Tennis CLUB PROgramme Ltd 'A CLUB PRO in every Tennis CLUB PROgramme'
Tennis CLUB PROgramme Ltd 'A CLUB PRO in every Tennis CLUB PROgramme'

Strings Explained

 

There are many different string types on the market. Sometimes it seems too confusing for a club player to pick a string for their racket.

So, to narrow down these options I will give you 4 choices:

 

Natural Gut.

This is animal intestine, often used by professional players, but not so popular these days. It has great feel and power, but is expensive, has a short life span and is affected by damp conditions, but a lot of players love the feel of it. If you want to buy this for your tennis racket then I will string it for you, but I do not hold stock of natural gut.

 

Multifilament String.

Lots of fibres are put together to provide a soft feel and a responsive ball strike and more power. They are a great choice if you do not break strings very often. This is the nearest synthetic option to natural gut and a lot cheaper too. The negative aspect to these strings is mainly durability and a little loss of ball control.

 

Monofilament String.

These polyester strings are popular with professional players and club players alike and they give you plenty of spin and control. They are very predictable because of the “snap-back” effect of the strings at contact. They are also extremely durable, so are a good option for string breakers. However, they can lose a little tension and are less powerful than multifilament. The biggest issue is that if you have tennis elbow or wrist problems due to playing tennis then these will not help that.  Combining a multifilament and monofilament string in your mains and crosses would give you the best of both options.

 

Synthetic Gut.

This is a low budget solid core string. It has good playability factors including power, ball control and spin. It is a popular choice for many players and is at the cheaper end of the market.

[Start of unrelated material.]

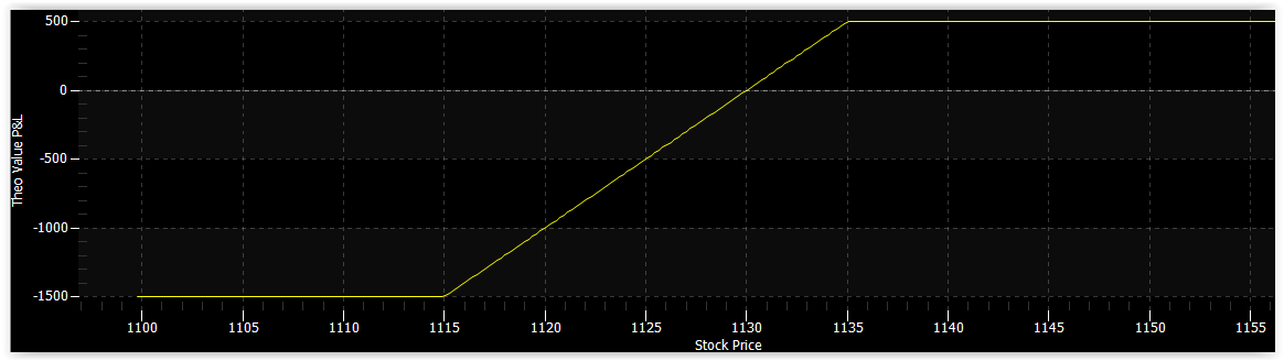Strike acheté 1135 – 1130 (cours du sous-jacent) = 5. Comme le crédit reçu pour mettre en place le trade était de $5, le gain (ou la perte) est de $5 – $5 = $0.00 dans ce cas il s’agit du point mort (comme par hasard 😉 ). Si le Russell 2000 fini au-dessus de 1130, alors le trade sera gagnant et si le Russell 2000 termine en dessous de 1130, alors le trade sera perdant.

This is a great starting point for players who are not sure what strings to purchase. It will give you good combination of all playing characteristics.

 

String Gauges.

Diameter in mm

Gauge

Player type

1.35-1.40

15

Control and durability

1.25-1.30

16

Good feel and control

1.20-1.25

17

Good power and spin

1.15-1.20

18

More power and spin

 

The most common gauges are 15 & 16 amongst club players. Without getting too technical think that the more feel and spin you want then the 16 gauge may be your personal choice. The more durability you want then aim for the 15 gauge.

My personal recommendation is to choose between the 15 and 16 gauge.